Tax Committees Ukraine Response Plan. On Monday, the chairs and ranking members of the Senate Finance Committee and the House Ways and Means Committee announced agreement on legislation designed to suspend normal trade relations with Russia and Belarus. In a corresponding statement, the leaders announced they “have agreed on a legislative path forward to ban the import of energy products from Russia and to suspend normal trade relations with both Russia and Belarus.” According to a press release, the legislation would:

  • Provide the president authority to further increase tariffs on products of Russia and Belarus;
  • Require the U.S. Trade Representative to use the voice and influence of the United States to seek suspension of Russia’s participation in the World Trade Organization (WTO) and halt Belarus’ WTO accession; and
  • Provide the president with authority to restore normal trade relations with Russia and Belarus subject to certain conditions and congressional approval.

At a Glance

  • A group of leading academics and former government officials—including former Joint Committee on Taxation Chiefs of Staff David Brockway and Ronald Pearlman; former Treasury Assistant Secretaries for Tax Policy Mark Mazur and Pamela Olson; and former IRS Commissioners Fred Goldberg, Lawrence Gibbs, David Kautter, Steven Miller, Charles Rossotti and Daniel Werfel—sent a letter last week to the chairs and ranking members of the House and Senate Appropriations committees asking them to “to provide the IRS with sufficient funding to work down its backlogs this year while putting the agency on a path to effectively process tax returns, provide adequate taxpayer services, and efficiently collect revenue.”
  • Last week, the Independent Community Bankers of America (ICBA) sent a letter to the leadership of the House Ways and Means Committee and the Senate Finance Committee asking Congress to adopt legislation that would require federal credit unions to file IRS Form 990, “Return of Organization Exempt from Income Tax,” to provide transparency into their tax-exempt expenditures.

Brownstein Bookshelf

  • Last week, Sen.
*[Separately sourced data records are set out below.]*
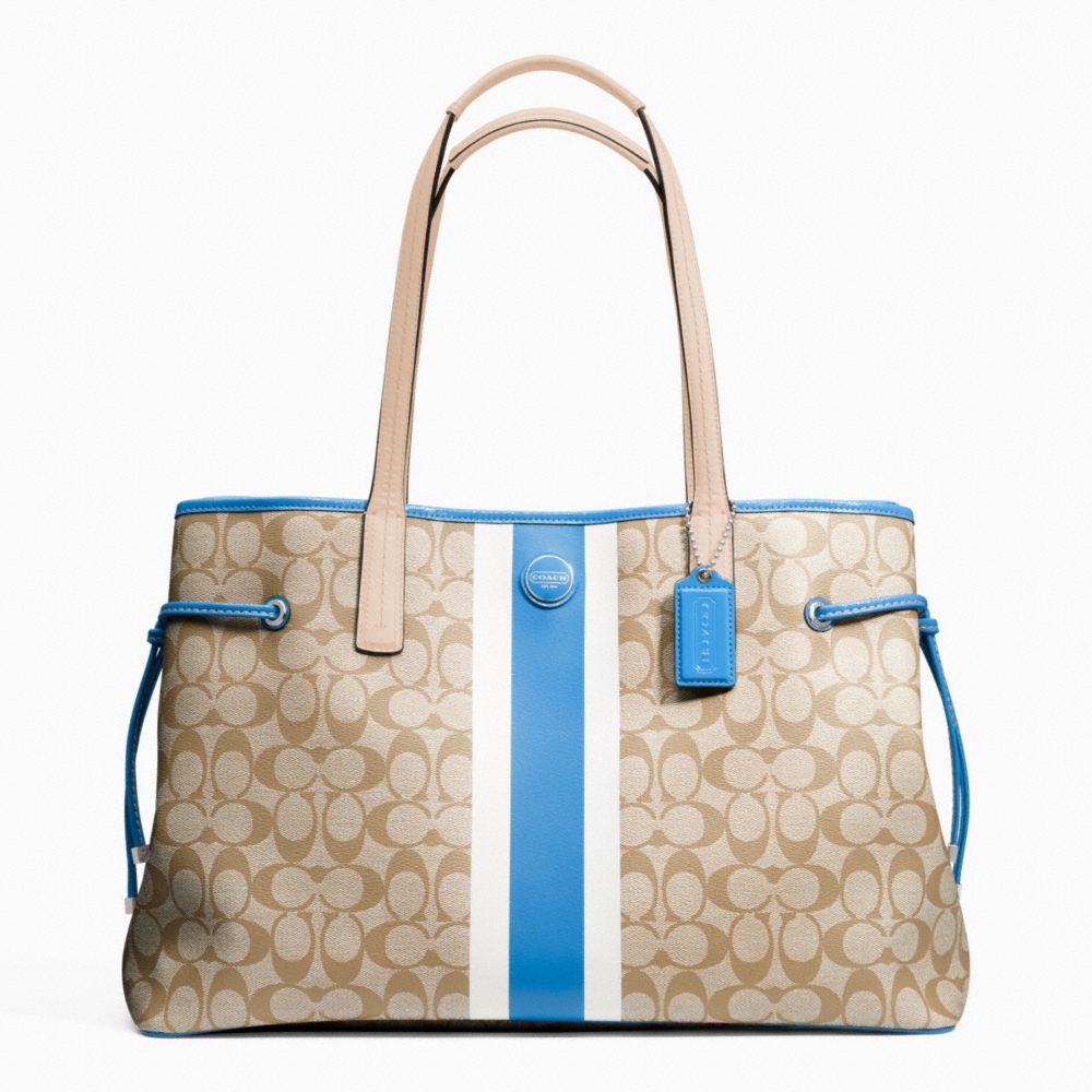 COACH F23049 - SIGNATURE STRIPE PVC LARGE CARRYALL - SILVER/LT KHAKI/BRIGHT SKY (click the link before for more detail)
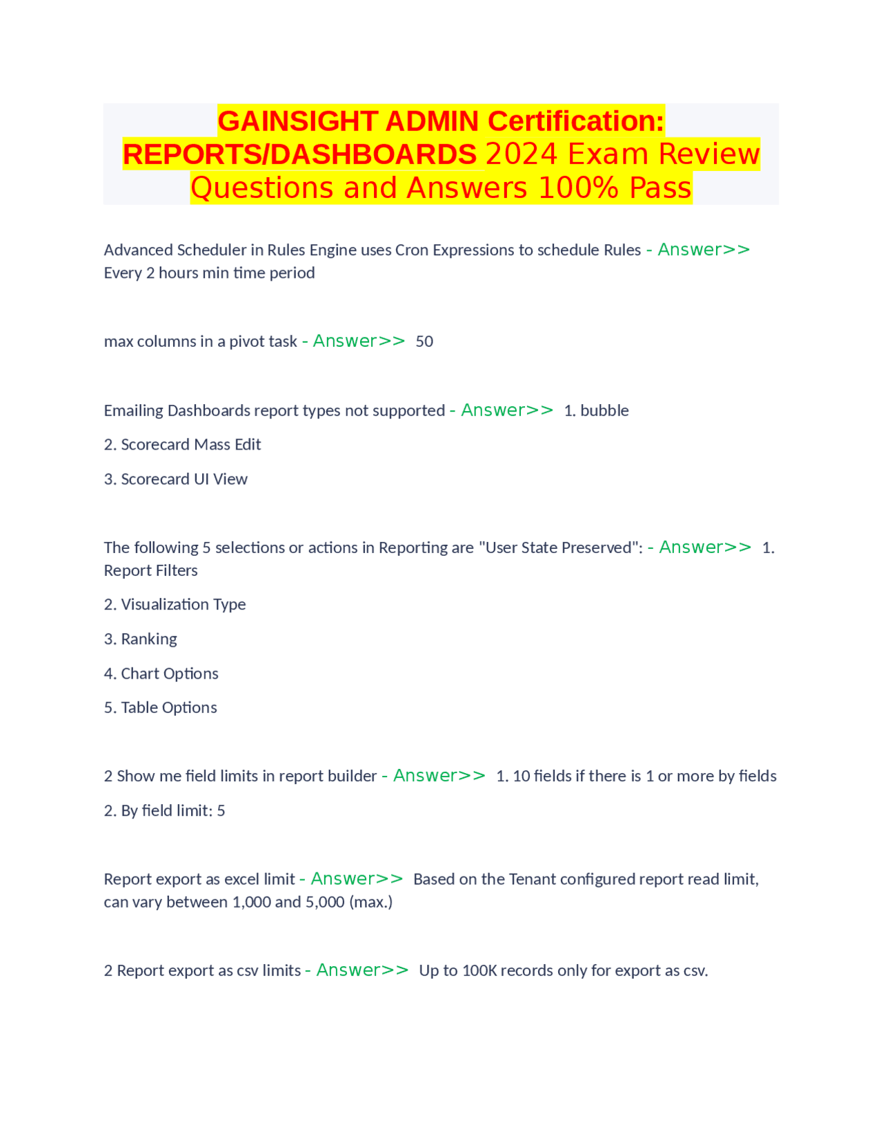 GAINSIGHT ADMIN Certification: REPORTS / DASHBOARDS 2024 Exam Review
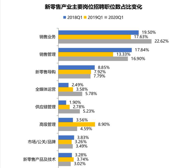 ToB的銷售和ToC的導購是新零售的主體崗位,2020年一季度,銷售業(yè)務(wù)、銷售管理和新零售導購崗位的招聘職位數(shù)分別占新零售總體的22.62%、16.90%、7.79%。全媒體運營、供應(yīng)鏈管理等新零售中臺崗位招聘需求保持增長態(tài)勢,2020年一季度招聘職位數(shù)占比較2018年一季度均提高超過3個百分點。
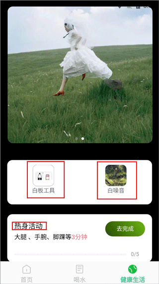 3、打开健康生活,主要有运动打卡功能、白板工具、白噪音;
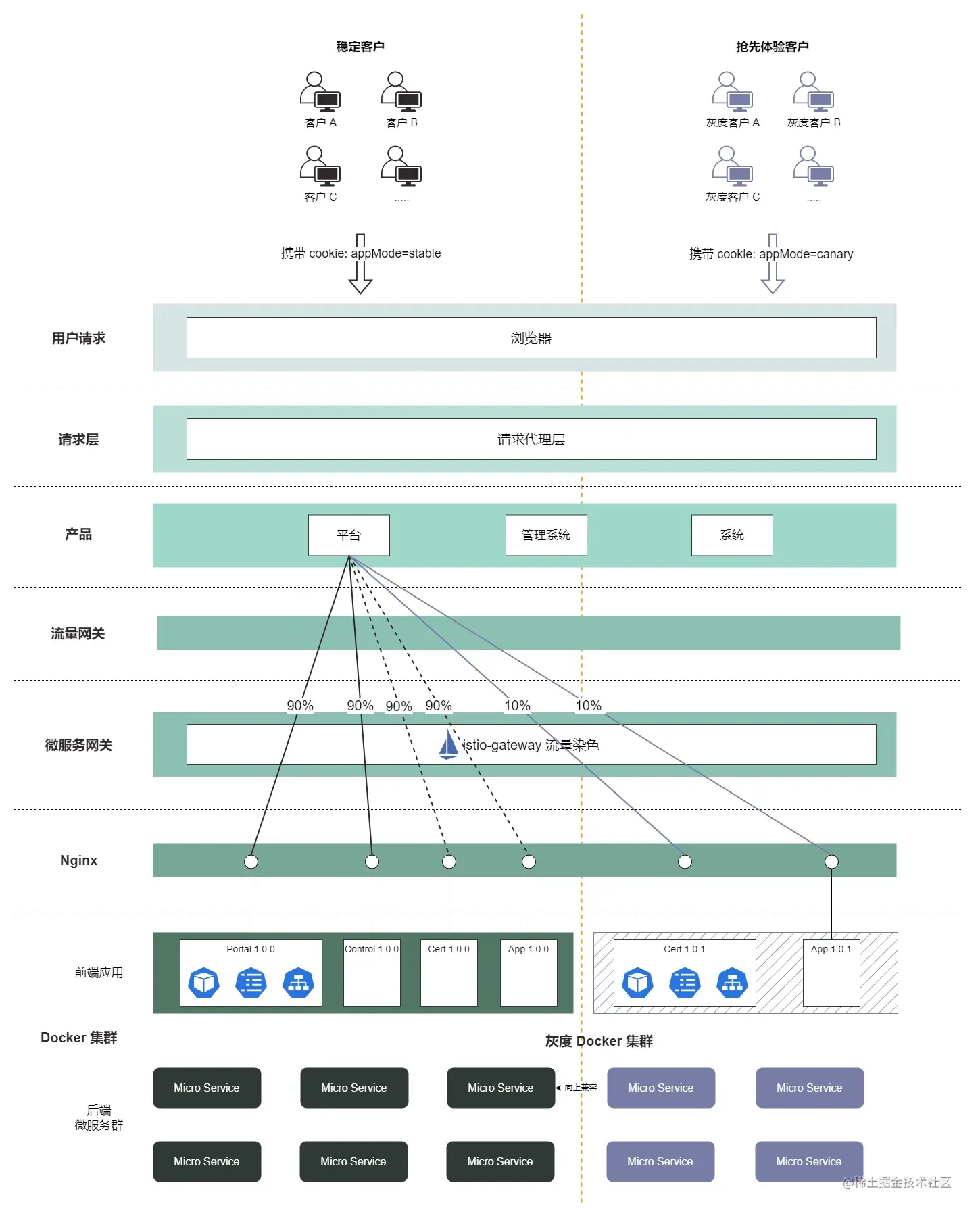 nginx,获取用户标识; - 通过灰度策略,识别用户的类型;

John Kennedy (R-LA), introduced the Require Employees To Uniformly Return Now (RETURN) Act. The bill would require teleworking IRS employees to return to the office to address backlog concern.
  • The Wall Street Journal editorial board published an article entitled “Say It Ain’t So on Taxes, Joe Manchin.” In the article, the board called on Sen. Joe Manchin (D-WV) to “save the country again by calling the whole thing off,” referring to the BBBA.
  • The New York Times published an article on Friday explaining the continuation of difficulties ahead for the IRS.

DISCLAIMER: Because of the generality of this update, the information provided herein may not be applicable in all situations and should not be acted upon without specific legal advice based on particular situations.